Stored records
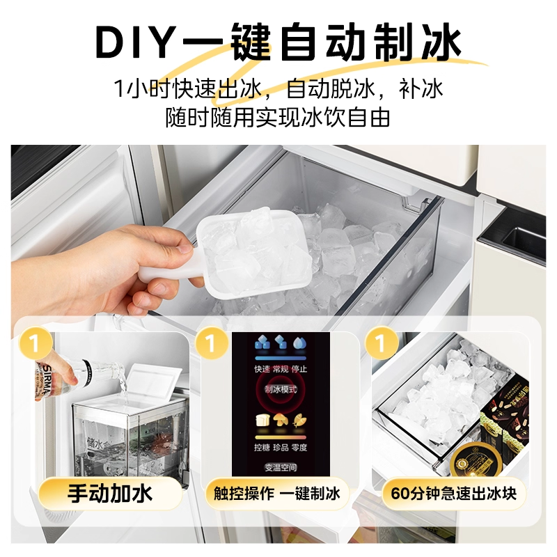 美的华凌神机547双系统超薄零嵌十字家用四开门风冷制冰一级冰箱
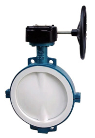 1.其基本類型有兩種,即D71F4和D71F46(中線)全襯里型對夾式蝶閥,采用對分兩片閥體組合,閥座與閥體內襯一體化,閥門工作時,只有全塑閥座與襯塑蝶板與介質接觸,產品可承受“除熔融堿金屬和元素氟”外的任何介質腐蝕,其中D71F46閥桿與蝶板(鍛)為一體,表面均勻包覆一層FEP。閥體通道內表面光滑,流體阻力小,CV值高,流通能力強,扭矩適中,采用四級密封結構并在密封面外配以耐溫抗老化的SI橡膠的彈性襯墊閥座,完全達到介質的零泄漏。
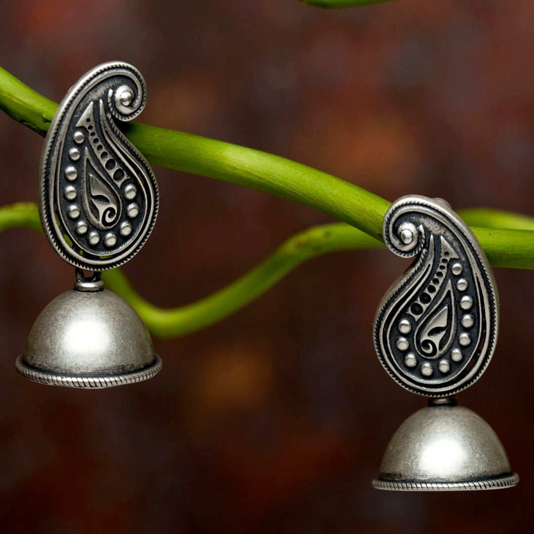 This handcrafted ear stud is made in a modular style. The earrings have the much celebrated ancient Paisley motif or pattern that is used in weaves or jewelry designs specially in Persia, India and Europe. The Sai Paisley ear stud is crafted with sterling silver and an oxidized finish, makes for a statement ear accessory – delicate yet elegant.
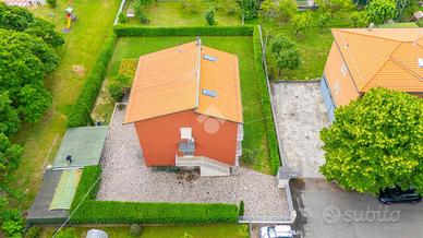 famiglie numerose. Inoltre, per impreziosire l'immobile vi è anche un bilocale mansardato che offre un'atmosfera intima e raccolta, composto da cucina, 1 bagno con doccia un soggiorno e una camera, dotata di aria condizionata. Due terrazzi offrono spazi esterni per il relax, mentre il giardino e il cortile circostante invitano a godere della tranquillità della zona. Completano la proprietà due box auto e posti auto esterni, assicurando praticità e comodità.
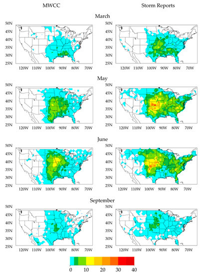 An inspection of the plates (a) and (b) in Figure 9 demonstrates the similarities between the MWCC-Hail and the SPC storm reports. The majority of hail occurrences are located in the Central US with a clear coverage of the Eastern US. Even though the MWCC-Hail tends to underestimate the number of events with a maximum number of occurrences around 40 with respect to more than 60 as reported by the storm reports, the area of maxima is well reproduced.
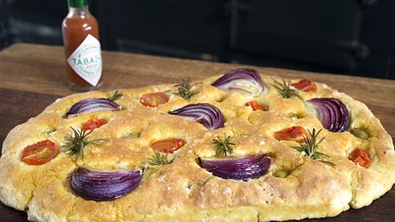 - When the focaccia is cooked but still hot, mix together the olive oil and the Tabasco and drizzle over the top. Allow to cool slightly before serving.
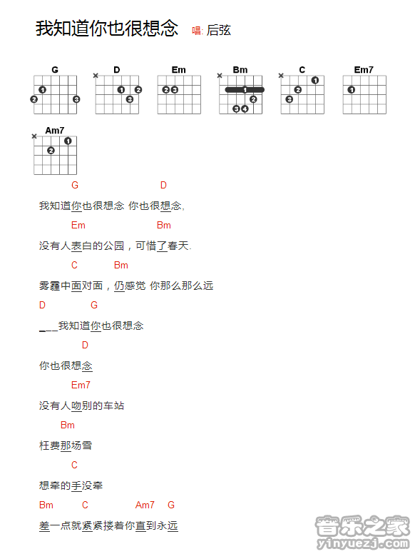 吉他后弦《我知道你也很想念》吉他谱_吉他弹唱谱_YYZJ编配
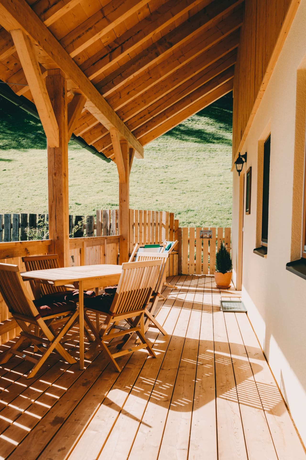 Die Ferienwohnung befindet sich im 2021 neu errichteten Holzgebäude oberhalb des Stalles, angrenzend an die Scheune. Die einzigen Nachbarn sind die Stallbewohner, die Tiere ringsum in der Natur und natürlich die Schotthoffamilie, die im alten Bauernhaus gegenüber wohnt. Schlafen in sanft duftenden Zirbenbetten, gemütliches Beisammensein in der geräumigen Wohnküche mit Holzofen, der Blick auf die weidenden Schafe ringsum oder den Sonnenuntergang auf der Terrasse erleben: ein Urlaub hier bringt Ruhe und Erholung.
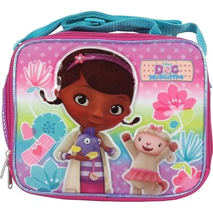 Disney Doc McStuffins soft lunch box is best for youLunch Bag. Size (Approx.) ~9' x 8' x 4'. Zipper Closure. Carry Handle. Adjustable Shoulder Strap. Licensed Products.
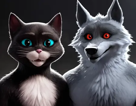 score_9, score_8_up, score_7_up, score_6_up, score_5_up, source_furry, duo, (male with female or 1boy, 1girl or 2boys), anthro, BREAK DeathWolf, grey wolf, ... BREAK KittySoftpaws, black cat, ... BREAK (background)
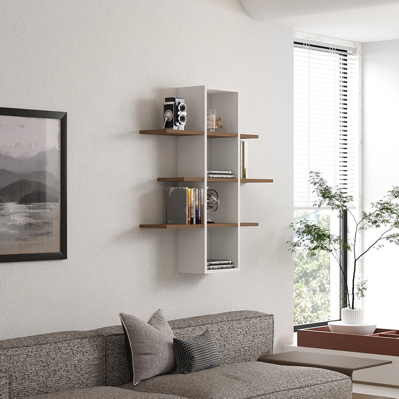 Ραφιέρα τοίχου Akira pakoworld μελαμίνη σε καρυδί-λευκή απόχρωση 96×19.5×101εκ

### Description of the task:
All of the data above needs to be given again exactly. Leave out each image.

### Answer section:
 美的华凌神机547双系统超薄零嵌十字家用四开门风冷制冰一级冰箱
 1.其基本類型有兩種,即D71F4和D71F46(中線)全襯里型對夾式蝶閥,采用對分兩片閥體組合,閥座與閥體內襯一體化,閥門工作時,只有全塑閥座與襯塑蝶板與介質接觸,產品可承受“除熔融堿金屬和元素氟”外的任何介質腐蝕,其中D71F46閥桿與蝶板(鍛)為一體,表面均勻包覆一層FEP。閥體通道內表面光滑,流體阻力小,CV值高,流通能力強,扭矩適中,采用四級密封結構并在密封面外配以耐溫抗老化的SI橡膠的彈性襯墊閥座,完全達到介質的零泄漏。
 This handcrafted ear stud is made in a modular style. The earrings have the much celebrated ancient Paisley motif or pattern that is used in weaves or jewelry designs specially in Persia, India and Europe. The Sai Paisley ear stud is crafted with sterling silver and an oxidized finish, makes for a statement ear accessory – delicate yet elegant.
 famiglie numerose. Inoltre, per impreziosire l'immobile vi è anche un bilocale mansardato che offre un'atmosfera intima e raccolta, composto da cucina, 1 bagno con doccia un soggiorno e una camera, dotata di aria condizionata. Due terrazzi offrono spazi esterni per il relax, mentre il giardino e il cortile circostante invitano a godere della tranquillità della zona. Completano la proprietà due box auto e posti auto esterni, assicurando praticità e comodità.
 An inspection of the plates (a) and (b) in Figure 9 demonstrates the similarities between the MWCC-Hail and the SPC storm reports. The majority of hail occurrences are located in the Central US with a clear coverage of the Eastern US. Even though the MWCC-Hail tends to underestimate the number of events with a maximum number of occurrences around 40 with respect to more than 60 as reported by the storm reports, the area of maxima is well reproduced.
 - When the focaccia is cooked but still hot, mix together the olive oil and the Tabasco and drizzle over the top. Allow to cool slightly before serving.
 吉他后弦《我知道你也很想念》吉他谱_吉他弹唱谱_YYZJ编配
 Die Ferienwohnung befindet sich im 2021 neu errichteten Holzgebäude oberhalb des Stalles, angrenzend an die Scheune. Die einzigen Nachbarn sind die Stallbewohner, die Tiere ringsum in der Natur und natürlich die Schotthoffamilie, die im alten Bauernhaus gegenüber wohnt. Schlafen in sanft duftenden Zirbenbetten, gemütliches Beisammensein in der geräumigen Wohnküche mit Holzofen, der Blick auf die weidenden Schafe ringsum oder den Sonnenuntergang auf der Terrasse erleben: ein Urlaub hier bringt Ruhe und Erholung.
 Disney Doc McStuffins soft lunch box is best for youLunch Bag. Size (Approx.) ~9' x 8' x 4'. Zipper Closure. Carry Handle. Adjustable Shoulder Strap. Licensed Products.
 score_9, score_8_up, score_7_up, score_6_up, score_5_up, source_furry, duo, (male with female or 1boy, 1girl or 2boys), anthro, BREAK DeathWolf, grey wolf, ... BREAK KittySoftpaws, black cat, ... BREAK (background)
 Ραφιέρα τοίχου Akira pakoworld μελαμίνη σε καρυδί-λευκή απόχρωση 96×19.5×101εκ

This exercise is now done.